Ваня посмотрел на то, как солнечные лучи сияли на лесной подстилке яркими огоньками, играли на покрытых росой паутинках всеми цветами радуги. Толстые деревья стояли далеко друг от друга, едва соприкасаясь широкими кронами, а густая тень не давала расти подлеску, поэтому нижняя часть леса просматривалась далеко и казалась такой безопасной, так и манила пройтись по ровной земле, по мягкой подстилке… От такого пробирало до костей и вовсе не благодатью.
Кивнув спутнице он ответил:
— Чувствую…
И вдруг с грустью добавил:
— а ведь сегодня Купала… А мы…
— Ты же волхв, всё в твоих руках! — подбодрила его мавка.
Ваня собрался, глубоко вздохнул и, подняв руку с раскрытой вперёд ладонью громко провозгласил:
— Славься Ярило! Благо твоё над всеми землями!
И словно золотистое сияние снизошло на него, разошлось светлой волной вокруг, прокатилось по лесу. Дышать стало легче, ушло что-то такое, чего не замечали, но оно присутствовало и давило. Птицы защебетали громче, воздух словно стал чище.
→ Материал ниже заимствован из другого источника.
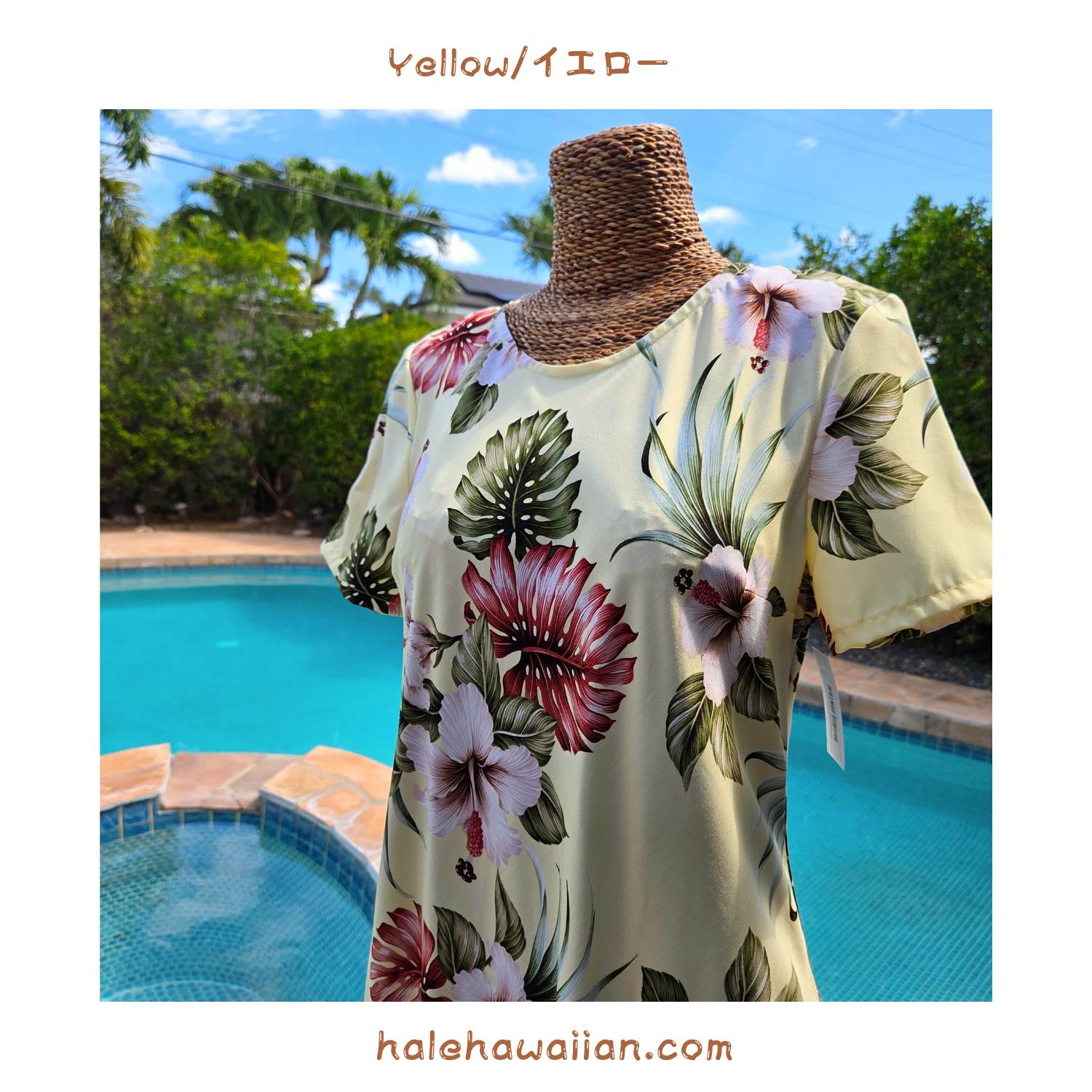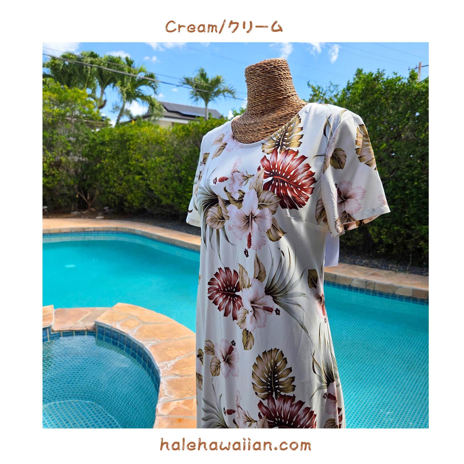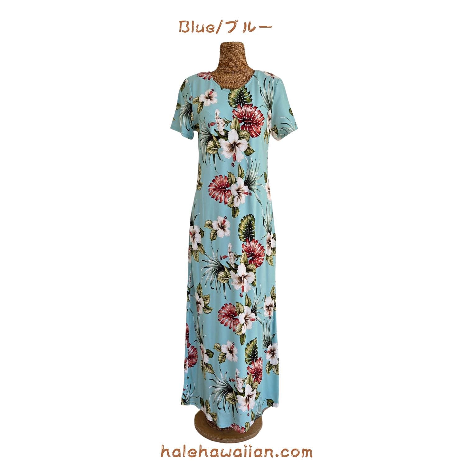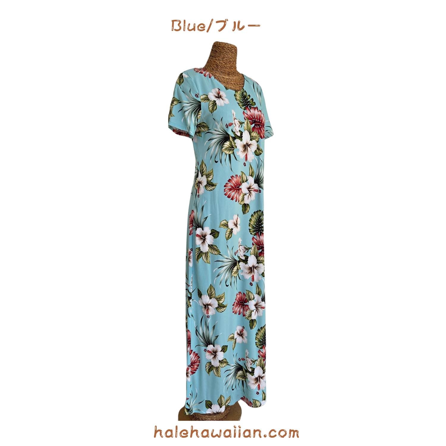 新作 ハワイアン レーヨン スリーブ ロングドレス 【 ハイビスカス&モンステラ 】

С реки раздался плеск. Местный водяной вынырнул в окружении русалок.
— Благослови, отче!
Из леса словно накатили волны тумана, а из них выступил главный леший в сопровождении лесной царицы.
— Благослови, отче!
Что сказать? Ведь они — представители дикого мира, буйного и жестокого. Подумав немного, Ваня поднял руку в благословляющем жесте и произнёс:
— Да будут ваши пути радостными, а кончина, когда она придёт — лёгкой! Ступайте путями естества, а для тех, кто пошёл противу естества, да будет обратный путь открыт!
— Благодарим, отче! — раздалось из реки и из леса. Водяной бережно поставил на берег сундучок, доверху забитый речным жемчугом, после чего плеснул по воде хвостом и ушёл в омут.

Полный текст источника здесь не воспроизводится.